Self_mma_production
   Steven Keller, Producer/Director

Steven Keller has over 25 years of television and film production experience. Beginning in the early 1980s, Steven worked as a production assistant for several commercial studios in Hollywood, California. He opened his own commercial studio in 1987. Steven worked on corporate and commercial productions for small and large businesses and organizations. In 1990, he began working in broadcast journalism, working as a production assistant, associate producer and producer for a division of Lifetime Television that specialized in medical programming.
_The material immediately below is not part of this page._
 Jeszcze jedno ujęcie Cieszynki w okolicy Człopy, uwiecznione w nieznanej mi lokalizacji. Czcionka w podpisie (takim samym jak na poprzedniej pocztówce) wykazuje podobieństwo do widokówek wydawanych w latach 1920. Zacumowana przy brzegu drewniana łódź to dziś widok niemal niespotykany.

Since then, he has produced, written and directed broadcast documentaries, and educational and promotional films for nonprofit service organizations. He was the senior producer-director at PBS station KRCB of Rohnert Park, CA from 1998 - 2000.
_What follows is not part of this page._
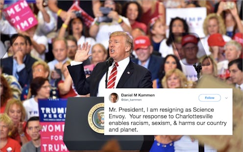 "Mr. President, I am resigning as Science Envoy," Kammen tweeted on Wednesday, including an image of his resignation letter. "Your response to Charlottesville enables racism, sexism, & harms our country and planet." In the course of seven paragraphs, the letter lays out exactly why Kammen feels he can't continue in the Trump administration, the bulk of the issue being about Trump's widely criticized response to white supremacist protest and violence in Charlottesville, Virginia two weeks ago.

Broadcast Film and Television Credits (Producer/Director) include:
  • Project Censored, PBS, 1999 (available on DVD or VHS tape, call for details)
  • Expressions, PBS, 1998-2000
  • The Clinical Detective Story, Lifetime, 1994


Favorite Quote:

The TV business is uglier than most things. It is normally perceived as some kind of cruel and shallow money trench through the heart of the journalism industry, a long plastic hallway where thieves and pimps run free and good men die like dogs, for no good reason.
Which is more or less true. For the most part, they are dirty little animals with huge brains and no pulse. Every once in a while, they will toss up a token human like Ed Bradley or Edwin Newman or Hughes Rudd... and there are others, no doubt, like Studs Terkel in Chicago and the twisted Rev. Gene Scott

But these are only the exceptions that prove the hideous rule. Mainly we are dealing with a profoundly degenerate world, a living web of foulness, greed and treachery... which is also the biggest real business around and impossible to ignore. You can't get away from TV. It is everywhere. The hog is in the tunnel.

Hunter S. Thompson,
Generation of Swine: Tales of Shame and Degradation in the '80s (New York: Summit Books, 1988).

Steven is also an accomplished still photographer.